Use `cargo run --release -- compare foo bar`. It will output a report using GitHub-flavored markdown
for local use. Note that not all reported differences are significant. When you need to know if a
result is significant you should rely on the CI benchmark report, which automatically categorizes
results into significant / negligible based on historic data.

### Supported scenarios

We benchmark the following scenarios:

- Handshake without resumption (`handshake_no_resume`)
- Handshake with ticket resumption (`handshake_tickets`)
- Handshake with session id resumption (`handshake_session_id`)
- Encrypt, transfer and decrypt 1MB of data sent by the server
  (`transfer_no_resume`)

The scenarios are benchmarked with different TLS versions, certificate key types and cipher suites.
CPU counts are measured independently for the server side and for the client side. Hence, we end up
with names like `transfer_no_resume_1.3_rsa_aes_client`.

## Internals

We have made an effort to heavily document the source code of the benchmarks. In addition to that,
here are some high-level considerations that can help you hack on the crate.
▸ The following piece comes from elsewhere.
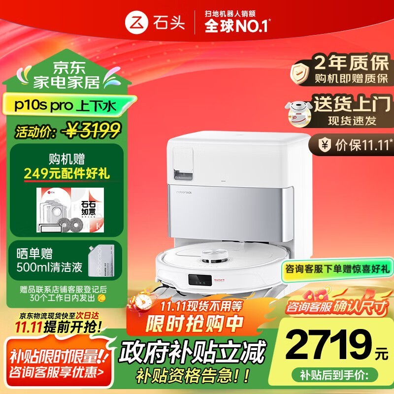 京东石头P10S Pro扫拖一体机低至2028元

### Environment configuration

An important goal of this benchmarking setup is that it should run with minimal noise. Measuring CPU
instructions using `callgrind` yields excellent results, regardless of your environment. The
wall-time benchmarks, however, require a more elaborate benchmarking environment: running them on a
laptop is too noisy, but running them on a carefully configured bare-metal server yields accurate
measurements (up to 1% resolution, according to our tests).

### Instruction count mode

Instruction counting is done with `callgrind`, and is precise in the sense that only operations
we want to measure are included.  We tell `callgrind` to start with collection disabled,
with `--collect-atstart=no`.  Then we use
[client requests](https://valgrind.org/docs/manual/cl-manual.html#cl-manual.clientrequests) via
the [crabgrind crate](https://docs.rs/crabgrind/latest/crabgrind/) to enable and disable collection
(see `callgrind::CountInstructions`).

Since we want to measure server and client instruction counts separately, the benchmark runner
spawns two child processes for each benchmark (one for the client, one for the server) and pipes
their stdio to each other for communication (i.e. stdio acts as the transport layer).
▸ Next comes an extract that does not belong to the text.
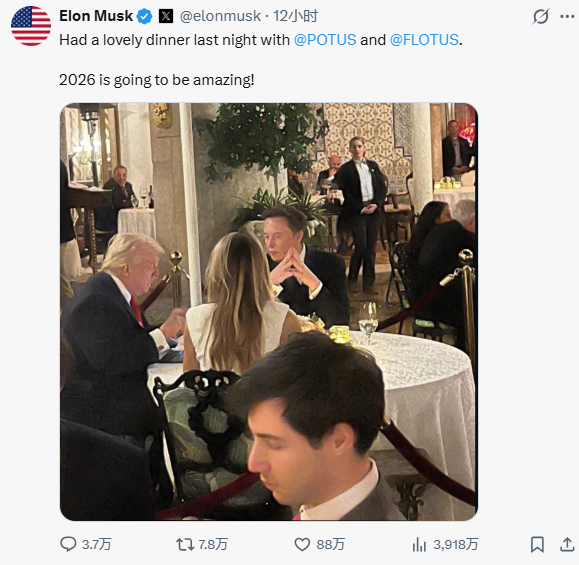 馬斯克X截圖 美媒稱,這張照片拍攝於海湖莊園舉行的一場活動中,特朗普和馬斯克似乎已修復他們此前一度緊張的關係。馬斯克曾擔任美國政府效率部負責人,而後與特朗普圍繞“大而美”稅收和支出法案等問題產生嚴重分歧,大打“口水仗”,一度成為美國輿論焦點。 值得一提的是,美國《新聞周刊》4日稱其還獲得特朗普在海湖莊園宴請馬斯克的另一張照片。報道稱,照片拍攝時間似乎與“星鏈”稱要為委內瑞拉提供一個月免費寬帶服務的時間一致。 當地時間3日凌晨,美國對委內瑞拉發起大規模軍事行動,突襲委首都加拉加斯並擄走委總統馬杜羅及其夫人。美國太空探索技術公司旗下衛星互聯網項目“星鏈”3日表示,將為委提供一個月免費寬帶服務至2月3日。“星鏈”沒有作進一步解釋。目前委網絡連接基本正常。 “星鏈”3日通過社媒發布消息稱:“將為委內瑞拉民眾提供免費寬帶服務至2月3日,確保網絡連接不中斷。”馬斯克4日在X上發帖稱,此舉是為了支持委內瑞拉的人民。(完) 【編輯:淩玉輝】

If you need to debug benchmarks in instruction count mode, here are a few tricks that might help:

- For printf debugging, you should use `eprintln!`, because child processes use stdio as the
  transport for the TLS connection (i.e. if you print something to stdout, you won't even see it
  _and_ the other side of the connection will choke on it).
- When using a proper debugger, remember that each side of the connection runs as a child process.

### Wall-time mode

To increase determinism, it is important that wall-time mode benchmarks run in a single process and
thread. All IO is done in-memory and there is no complex setup like in the case of the instruction
counting mode. Because of this, the easiest way to debug the crate is by running the benchmarks in
wall-time mode.

### Code reuse between benchmarking modes

Originally, we only supported the instruction count mode, implemented using blocking IO. Even though
the code was generic over the `Reader` and `Writer`, it could not be reused for the wall-time mode
because it was blocking (e.g. if the client side of the connection is waiting for a read, the thread
is blocked and the server never gets a chance to write).

The solution was to:

1. Rewrite the IO code to use async / await.
2. Keep using blocking operations under the hood in instruction-count mode, disguised as `Future`s
   that complete after a single `poll`. This way we avoid using an async runtime, which could
   introduce non-determinism.
3. Use non-blocking operations under the hood in wall-time mode, which simulate IO through shared
   in-memory buffers. The server and client `Future`s are polled in turns, so again we we avoid
   pulling in an async runtime and keep things as deterministic as possible.

### Why measure CPU instructions

This technique has been successfully used in tracking the Rust compiler's performance, and is
known to work well when comparing two versions of the same code. It has incredibly low noise,
and therefore makes for a very good metric for automatic PR checking (i.e. the automatic check
will reliably identify significant performance changes).

It is not possible to deduce the exact change in runtime based on the instruction count
difference (e.g. a 5% increase in instructions does not necessarily result in a 5% increase in
runtime). However, if there is a significant change in instruction count, you can be fairly
confident there is a significant change in runtime too. This is very useful information to have
when reviewing a PR.

For more information, including the alternatives we considered, check out [this comment]
(https://github.com/rustls/rustls/issues/1385#issuecomment-1668023152) in the issue tracker.

### Why measure wall-time

While instruction counts are a useful proxy to detect changes in runtime performance, they do not
account for important factors such as cache misses and branch mispredictions. As an example,
consider two equivalent functions that calculate an aggregate value based on a `Vec<u64>`: if they
use roughly the same code, yet a different memory access pattern, that could result in a similar
instruction count, yet significantly different runtime.

The bigger the change in code, the higher the chance that memory layout and access patterns are
significantly affected. For that reason, having wall-time measurements is important as a complement
to instruction counts.